Cosa insegnano il crollo di Pedro Sanchez e la vittoria di Isabel Dìaz Ayuso: così cambieranno la politica italiana

(di Bulldog) Insegna qualcosa il voto spagnolo di ieri che ha spazzato via il “sanchismo” dalla Spagna? Sì, nell’immediato e nel futuro prossimo della politica europea ed italiana. La vittoria elettorale del partito Popolare – con la leader della comunità di Madrid Isabel Díaz Ayuso proiettata alla Moncloa alla fine di luglio – ha evidenziato come le tanto sbandierate (in Italia) politiche di sinistra di Pedro Sanchez nascondevano, ben nascoste sotto la coltre ideologica dell’anti-franchismo, un sottogoverno che ha permesso ad ex terroristi di tornare alla vita pubblica; agli indipendentisti di avere mano libera nonostante il clima d’odio diffuso a piene mani; ai boiardi di regime di prendere il potere nel sistema dei media e nelle aziende pubbliche; agli oppositori della Monarchia di offendere impunemente l’istituzione e con essa il sentimento della maggioranza dei cittadini.
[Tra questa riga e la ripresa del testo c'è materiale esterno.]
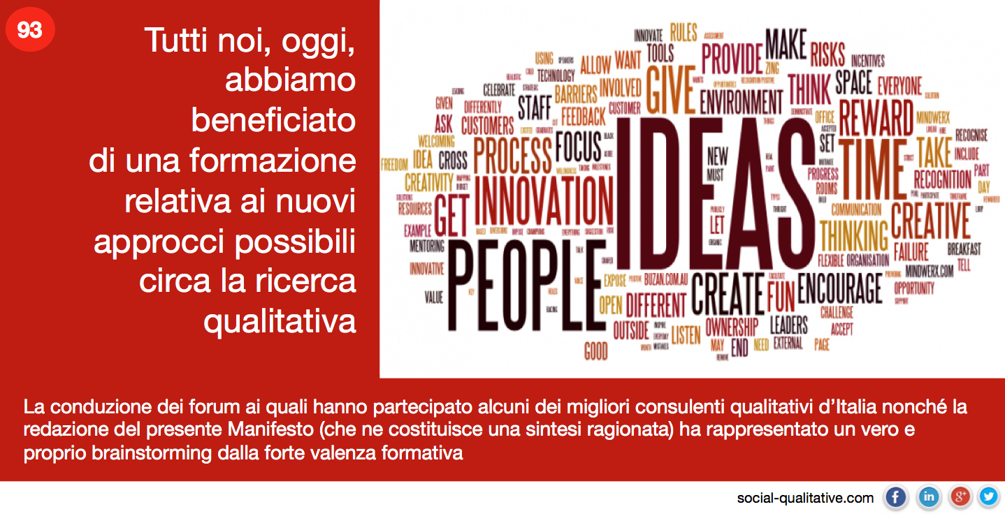 “Tutti noi, oggi, abbiamo beneficiato di una formazione relativa ai nuovi approcci possibili circa la ricerca qualitativa. La conduzione dei forum ai quali hanno partecipato alcuni dei migliori consulenti qualitativi d’Italia nonché la redazione del presente Manifesto (che ne costituisce una sintesi ragionata) ha rappresentato un vero e proprio brainstorming dalla forte valenza formativa”

Certo, le politiche per il lavoro hanno rimesso in moto la macchina dell’occupazione, ma gli Spagnoli hanno inteso chiaramente che ributtare nell’agone politico il fantasma del Caudillo (spostandolo dalla Valle de Los Caidos e con lui Josè Primo de Rivera, assassinato dai Repubblicani all’inizio della Guerra Civile) è servito soltanto come mossa per dividere un paese – che si era ritrovato unito nella democrazia – col solo scopo di costruire un blocco elettorale in grado di difendere quanto di peggio stava realizzando il sanchismo.

Per gli Spagnoli, non è togliendo “Avenida del Generalissimo” dai centri storici delle città spagnole; non è togliendo le targhe dedicate dalle municipalità alle vittime della Repubblica; non è rivoluzionando le alleanze in America Latina e nel Nord Africa, che la Spagna avrebbe acquisito autorevolezza in vista del semestre di guida iberica dell’Unione europea.

La fine del sanchismo significa che il prossimo parlamento europeo si reggerà sull’accordo Partito Popolare e Conservatori mandando in soffitta definitivamente l’asse coi socialisti che sinora ha retto Bruxelles; significa che il tema fascismo/antifascismo usato come clava a Madrid come Roma non funziona più, non è utile a costruire il consenso di una opinione pubblica moderata. Dice che le politiche di sinistra spinta non trovano appeal e che, di conseguenza, il nuovo corso del PD italiano si trova spiazzato ed isolato in Europa. Con chi potrà allearsi Elly Schlein?

La fine del sanchismo dice alla politica italiana che governare dividendo rigidamente “i propri” dagli “altri” alla fine ha un costo, legato alla malagestio che naturalmente si genera specie negli enti di Stato velocissimi ad attuare lo spoil system, ma molto più lenti ad ottenere risultati.

Infine, la fine del sanchismo dice a Giorgia Meloni che il Partito Popolare non è morto e che, come a Madrid e Bruxelles, anche a Roma potrà ritrovare linfa e voti come un fiume carsico. I popolari spagnoli ci hanno messo anni a ritornare, ma hanno visto passare sul fiume il cadavere di Ciudadanos e di tutti quelli che volevano banchettare sulle sue spoglie. E davanti alla capacità di resilienza dei Popolari, pure Vox diventa non così determinante.

Certo, Giorgia Meloni a fine luglio avrà un’alleata in più: un’altra donna conservatrice premier – alla guida dell’Europa per un intero semestre – in grado di sostenerla sui grandi temi dell’immigrazione e della nuova Europa confederata. E per la premier italiana questa è la migliore notizia che porta la fine del sanchismo.